Botti di fine d’anno: maxisequestro a Ostia

«Kamikaze», «Red Plum», «Fontana di Trevi», «Bengala Orchidea», «Cuckoo», «Rondò cinese», «Picchio», «Codino matto», «Cono diamante», «Cascata di bengala», «Pioggia scoppiettante». Nomi che appaiono, tutto sommato, rassicuranti, dietro i quali, però, si nascondeva una quantità impressionante di esplosivo capace di sbriciolare in pochi secondi un intero edificio di sette piani. Tremilacinquecento chilogrammi di fuochi d’artificio illegali bloccati dalla Guardia di Finanza di Ostia. Oltre centottantamila pezzi sequestrati dal nucleo speciale dei baschi verdi tra il Lido di Roma, Torvaianica, Ardea e Fiumicino in questi giorni, per un valore commerciale di un milione e mezzo di euro e pronti per essere smerciati nei mercatini improvvisati per la fine dell’anno.
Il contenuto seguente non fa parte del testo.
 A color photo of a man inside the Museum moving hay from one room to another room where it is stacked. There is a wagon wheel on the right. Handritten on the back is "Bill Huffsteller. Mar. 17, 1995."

Dodici le persone denunciate, fra le quali un cittadino cinese, per detenzione di materiale esplodente, «artifizi pirotecnici di quarta e quinta categoria». Ovvero: fuorinorma e, soprattutto, pericolosi. «Un’attività - sottolinea il capitano Augusto Dell’Aquila, comandante della compagnia Ostia delle Fiamme Gialle - intesa soprattutto a scongiurare il pericolo di incidenti nella notte di San Silvestro, purtroppo molto spesso gravi». Le indagini dei finanzieri, avviate da settimane in vista delle festività natalizie, si sono concentrate sull’individuazione dei canali di rifornimento del mercato illegale, spesso alimentato da ingenti importazioni dalla Cina. Il metodo? La verifica degli standard di sicurezza secondo le norme vigenti in materia di «giochi pirotecnici». Manco a dirlo, etichetta a parte, quasi nessuno dei prodotti «Made in China» individuati poteva essere considerato innocuo. I test e le prove eseguite dagli esperti, in particolare, hanno appurato che i «fuochi» avevano un peso, una tempistica e una modalità di scoppio diversi da quanto consentito dalla legge. Un esempio? Alcuni di essi avevano un effetto esplosivo superiore a quanto previsto, altri un ritardo di scoppio (il tempo tra l’accensione e l’esplosione) di gran lunga inferiore a quello indicato nelle schede tecniche (false) di autorizzazione.

Insidioso il sistema architettato dai responsabili per ingannare i consumatori: ogni pezzo aveva una targhetta simile a quella originale riportante gli estremi del provvedimento legittimante la «libera vendita» pur non essendo mai stati autorizzati in Italia e non rientrando nella lista dei fuochi declassificati (che possono essere immessi in libera vendita in quanto non appartenenti alle categorie più pericolose).